| Dataset excerpt |

◇ ◇ ◇ ◇

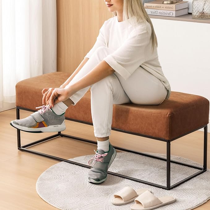 Entryway Bench for Bedroom End of Bed, Modern Ottoman with Faux Leather Upholstered Seating, Metal Frame Leather Bench for Bedroom Living Room Entryway [47'', Vintage Brown]
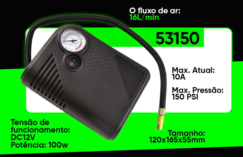Bomba de ar portátil preta com manómetro e mangueira, texto com especificações técnicas
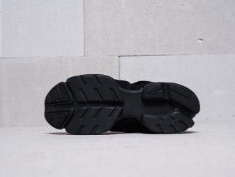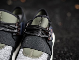 When creating a collection, the author sometimes resorts to using natural fabrics (fleece, cotton) and synthetic knitwear. Such a technological solution can increase the stability of shoes with a sharp change in polarity of movement. The use of seamless technology of the inner part provides comfort and protection of the leg from rubbing. A peculiar lacing system brings newness to the image of sports shoes.
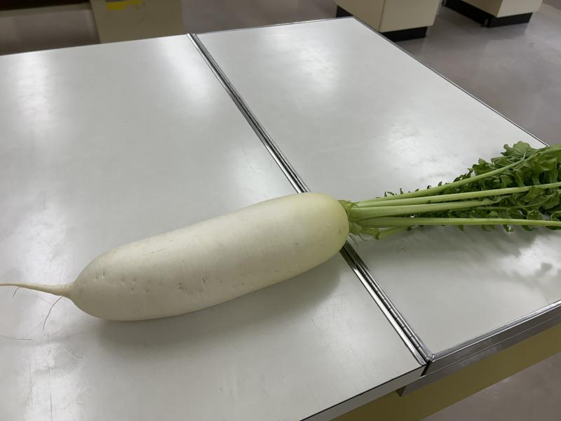 今日の汁ものは「大根のそぼろ煮」です。今日給食で使った大根は、2年生が生活科でお世話になった大隅さんが育てた大根です。「おでん大根」という品種で、大きくて味染みがよく、早く煮えるのが特徴です。

◇ ◇ ◇ ◇

| Exercise prompt |
Your answer must be exactly the lines from the one with "Bomba de ar" through the final line of the data, with no pictures in it.

| Task output |
Bomba de ar portátil preta com manómetro e mangueira, texto com especificações técnicas
 When creating a collection, the author sometimes resorts to using natural fabrics (fleece, cotton) and synthetic knitwear. Such a technological solution can increase the stability of shoes with a sharp change in polarity of movement. The use of seamless technology of the inner part provides comfort and protection of the leg from rubbing. A peculiar lacing system brings newness to the image of sports shoes.
 今日の汁ものは「大根のそぼろ煮」です。今日給食で使った大根は、2年生が生活科でお世話になった大隅さんが育てた大根です。「おでん大根」という品種で、大きくて味染みがよく、早く煮えるのが特徴です。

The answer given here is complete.